Kita-Streik: Sind 10% Tariferhöhung zu viel?

Aus der taz:

taz: Müssen sich ErzieherInnen und SozialpädagogInnen auf ein Ergebnis einstellen, das weit unter ihren Erwartungen bleibt?

Thomas Böhle, Verhandlungsführer der kommunalen Arbeitgeber: Dem Ganzen wäre sicher mehr gedient gewesen, wenn man mit etwas realistischeren Forderungen herangegangen wäre.

——————————————————————————

Das mag ja so rein faktisch betrachtet zutreffen. Nur: wer hat den den Kita-Bereich so dermassen aufgeblasen, dass Tariferhöhungen sich so exorbitant auswirken? Waren das ErzieherInnen und SozialpädagogInnen?

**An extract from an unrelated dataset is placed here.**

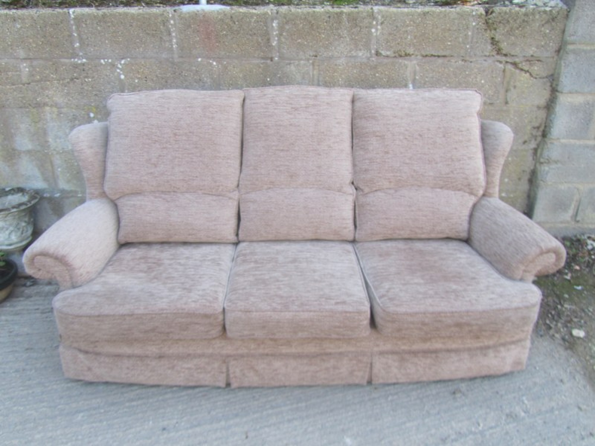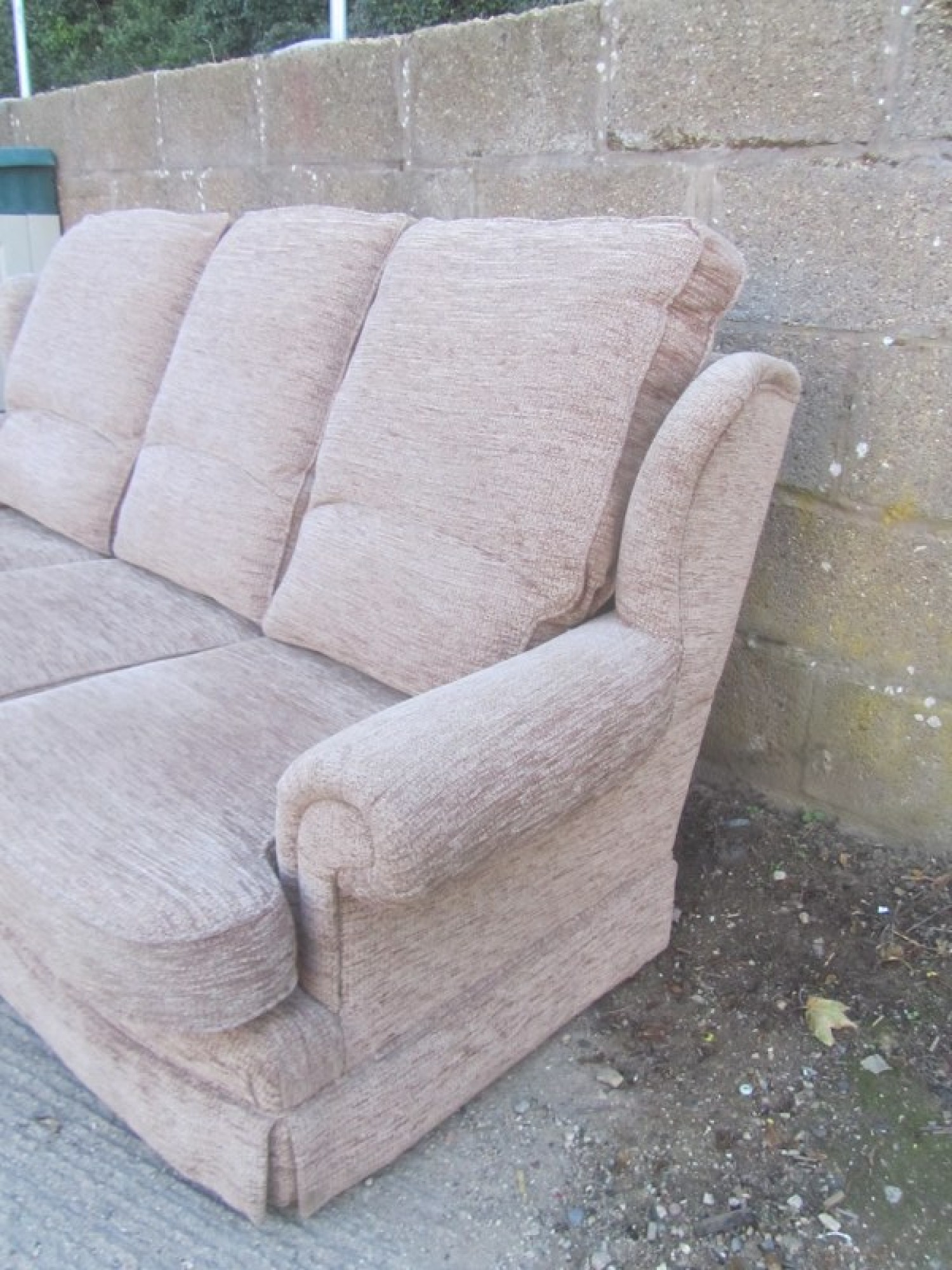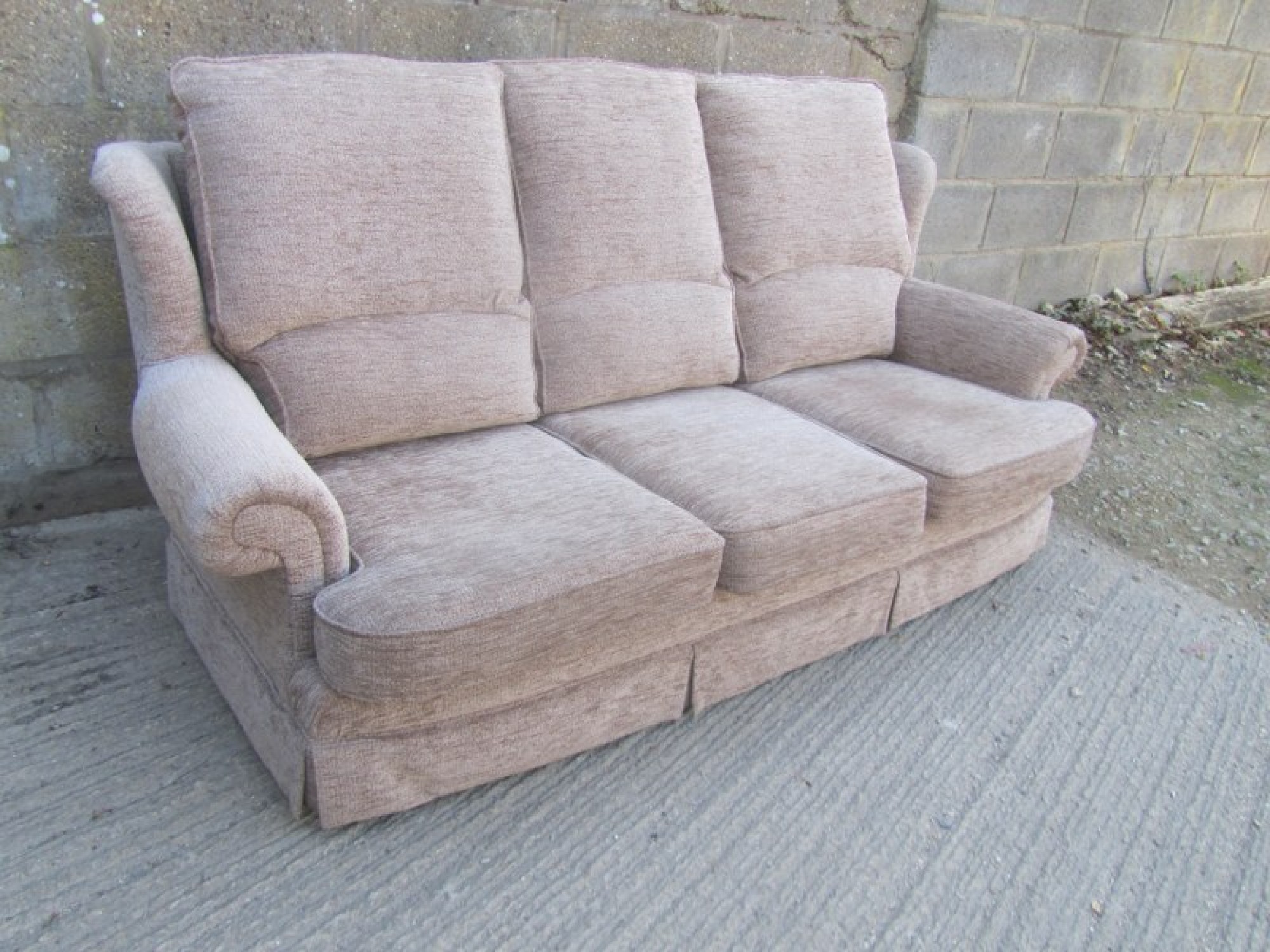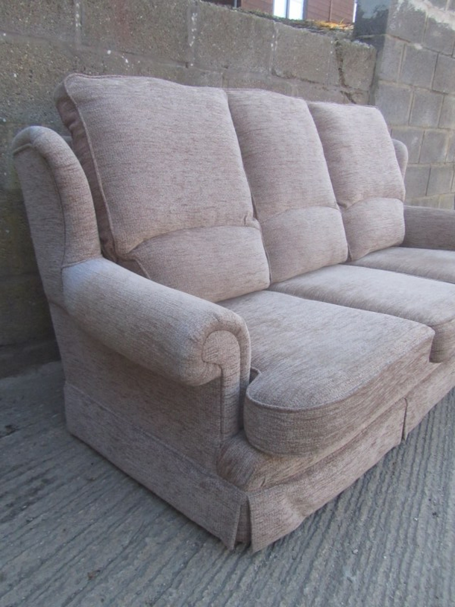 THIS IS A QUALITY 3 SEATER SOFA. GOOD CONDITION. GOOD CLEAN SOFA, FROM A SMOKE FREE & PET FREE HOME. COVERED IN LIGHT BEIGE COLOURED MATERIAL.

780 000 Plätze sollten bis 2013 her. Das hat Frau von der Leyen einfach mal so in den Raum gestellt, damals 2006. Damals haben ErzieherInnen und SozPädInnen sich gewundert und teilweise gewarnt – wie soll das gehen? Wie soll man das bezahlen? Wo sollen all die Fachkräfte herkommen, um all diese Kinder zu betreuen, wenn man die Plätze überhaupt schaffen kann (was ja bekanntlich nicht gelungen ist)? Tja, so gehts: man rekrutiert Schlecker-Frauen und Langzeitarbeitslose. Man lässt PhysiotherapeutInnen nach einem Crash-Course von 25 Tagen als ErzieherInnen zu. Oder irgendwen als Tagesmutter. Und wozu kindgerechte Räumlichkeiten? Ein Baucontainer tuts doch auch! Ach so, und dann kann man in der „Praxisintegrierten Ausbildung“ (PIA) ab dem zweiten Jahr als Fachkraft angerechnet werden, zu 40 %. Man stelle sich das mal vor, im zweiten Ausbildungsjahr gilt man fast als Halbtageskraft… kurz: man schraubt die Qualität runter, auch beim Personal. Und siehe da: kurzfristig schaffte man tatsächlich ganz viele Kita-Plätze. Billich, billich.

Nee, Herr Böhle oder bzw. ja:

Die kommunalen Arbeitgeber werden 10 % mehr Gehalt nicht bezahlen können, insofern sprengt die Forderung die Grenzen des Machbaren allein aufgrund ihrer schieren Größe. Aber wer hat denn eigentlich den ganzen Bereich so aufgeblasen? Bis zum Geht-nicht-mehr hat man hunderttausende neuer Plätze geschaffen, ohne sich zu fragen, wie die Kinder dann eigentlich betreut werden sollen. Man hat alles und jeden zum Erzieher gemacht und nun stellen die Tarifforderungen, so wie alle anderen Arbeitnehmer auch. Das ist nicht unrealistisch, Herr Böhle, das ist normal. Unrealistisch sind 780 000 Kita-Plätze mit qualifiziertem Personal. Und das haben die ErzieherInnen nicht verbockt. Falsche Adresse.